NKSD eyes popularity of the ‘small schools’ idea

POULSBO — They’re written into the North Kitsap School District’s “Guiding Principles,” document. They’ll involve all of the students at Kingston High School when it is due to open in 2007. And there’s already one called “Polaris” at North Kitsap High School.

Small Learning Communities (SLCs) are being stitched into the fabric of North Kitsap’s public education system — but that doesn’t mean North Kitsap’s residents, including school board members, don’t have reservations about them.

“I think this SLC business better get a better reputation out in the community,” said school board member Dick Endresen. “... Unless the public supports it, they’re not going to pay for it.”

Thus, the purpose of a study session conducted by the board Monday was to find out how North Kitsap’s Polaris program is doing as well as find out how planning for future SLCs is going. Kingston High School planning principal Bruce Saari gave a presentation on “Downsizing for Student Achievement,” to demonstrate where present planning progress.

Saari, who was previously a principal at several SLCs, including Lake Washington and Bellevue International Schools, said that “looping” — using one teacher or group of teachers with the same students over a period longer than a year —

is one of the crucial ideas in creating the educational communities in North Kitsap. That way, a student’s individual learning experiences build on each other.

“We want one learning experience to lead to another,” he said. “So students see there’s a connection, there’s a design.”

Board member Bethany McDonald said she was curious how multiple small learning communities in North Kitsap would look, given that they convey a “wide range of ideas” where they’re implemented across the country.

NKSD Student Support Services Executive Director Gregg Epperson answered McDonald by stating that it is the backbone of teacher and student collaboration of the SLC that defines it in North Kitsap.

“Really, it’s about creating ways for kids to have better learning structures,” he said. “You put the teachers in teams, they start teaching common things — and good things happen.”

Board member Ed Strickland affirmed that the further advent of SLCs in the community could not come without effective teachers.

“You have to have good teachers,” he said. “You cannot do this without teachers, otherwise they just continue to teach the way they have for 30 years.”
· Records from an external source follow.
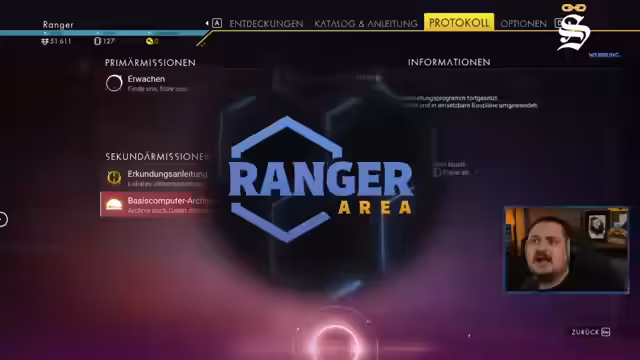 00:54:01Der Streamer folgt der Anleitung des Schiffssystems und sucht nach dem hermetischen Siegel, das für die Reparatur des Impulsantriebs unerlässlich ist. Er entdeckt die Position auf seiner Planetenkarte und macht sich auf den Weg dorthin, wobei er verschiedene Gefahren wie Feuersbrünste und aggressive Tierarten wie die Nasen-Ocelots umgehen muss. Die Suche gestaltet sich schwierig, aber er findet schließlich das benötigte Siegel in einem verlassenen Archiv.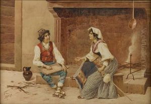 A Young Italian Woman Lighting A Lamp At A Wayside Shrine Watched By A Young Male Musician.
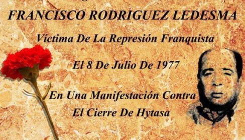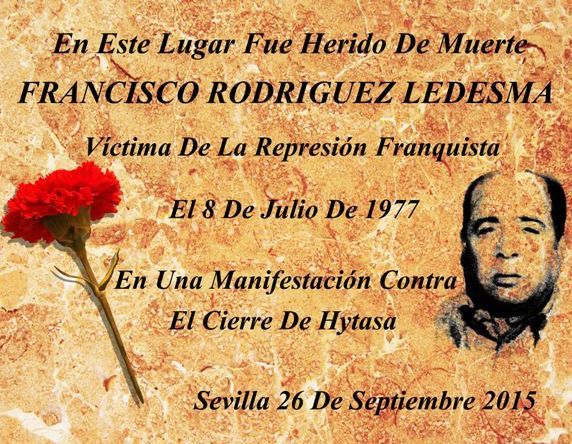 El colectivo cultural Aire Libre de Sevilla pide que se señalice en la avenida de Hytasa el lugar de memoria dedicado a Francisco Rodríguez Ledesma, herido de muerte por la Policía Patriótica el 8 de julio de 1977 durante la manifestación contra el cierre de Hilaturas y Tejidos Andaluces (Hytasa). La señalización de lugar de memoria debe realizarse sin más retardos, apuntan desde este colectivo, que pide que se lleve a cabo diez años después de la aprobación de la Ley que ampara este reconocimiento, más de 7 después de que el colectivo, la U.C.A.R. y el grupo para la recuperación de la memoria histórica de CGT lo solicitaran a varias instituciones —entre ellas la Junta de Andalucía— y más de 40 años desde la injusta y cruel pérdida de este vecino.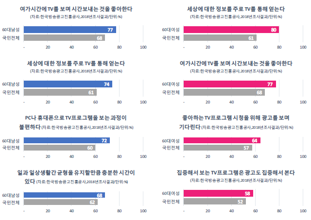 60대 남성은 TV를 통해 세상을 배우고, TV와 함께 시간을 보내고 있었으며, TV 시청을 여유롭게 할 수 있을 시간적 여유도 많았다.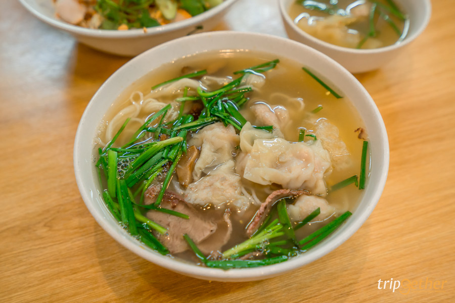 อีกชามเป็นเมนู บะหมี่เกี๊ยวน้ำ (Wonton Noodle Soup) รสชาติคล้ายๆ กับบะหมี่เกี๊ยวน้ำบ้านเรา แต่ที่นี่จะเพิ่มต้นหอมใส่ลงไปในชามด้วย ราคาอยู่ที่ 40,000 VND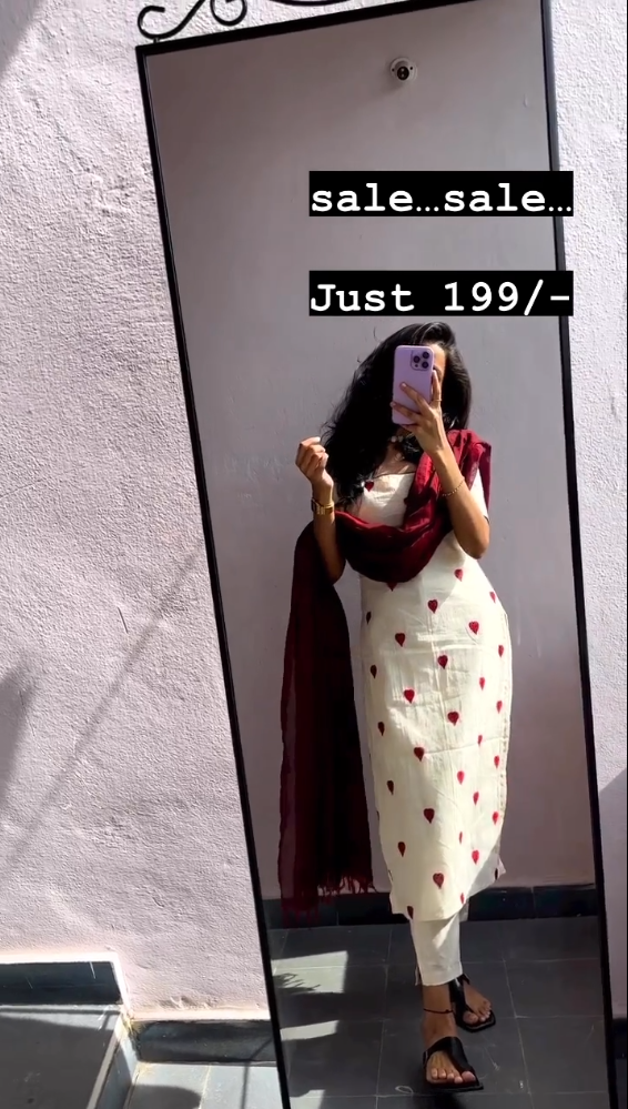 White And Red Cotton Suit Set quantity

Board president Catherine Ahl said she wanted Saari to give her some ideas of what the drawbacks to small learning communities are. Saari replied that the primary drawback is the difficulty of creating a genuine SLC — not just a program with a new acronym.

“It’s a teaching and learning transformation to deliver things that we’ve wanted to all along,” he said.

Ahl said her main concerns dealt with training teachers to make the transition and ensuring there was public involvement in the form of students and parents in the implementation of SLCs.

“This doesn’t all change overnight,” Ahl said. “When does the training take place?”

Saari informed her that training was already happening during instructional improvement days and that next May there will be a large-scale presentation to the school board about how the SLCs will be implemented. From there, training will continue until the new communities are ready to open.

Even so, Ahl voiced her worries about parent and student involvement.

“The nightmare I wake up with is we that we create these SLCs, and we aren’t prepared for (them), she said. “I don’t see parents or students on the GPAC (Guiding Principle Action Committee). You haven’t sold the parents and you haven’t even sold us. I’ve been saying it for three years, we need students and parents and if you get them with you they’ll sell it (to the community) for you.”

The issue of affordability was also brought to the table, but Saari said that SLCs would cost no more than the current system of education.

Ahl then asked why a $400,000 grant — given by the federal government for developing SLCs to Polaris — was necessary. Saari informed her it was for planning and teaching training.

Board member Dan Delaney voiced his concerns that the perception of SLC’s is that they are “experimental.”

“I kind of rebel against the idea that SLCs are an experiment,” he said. “The teacher’s environment is going to be so much better, and if their environment is better, the students’ environment is better.

“We’re going to meet resistance to change in the community but this is not on a whim ... this is not experimental,” Delaney added “In the smaller learning community, we can help all of (the) kids. But we have to explain to people why is this better than what we have now.”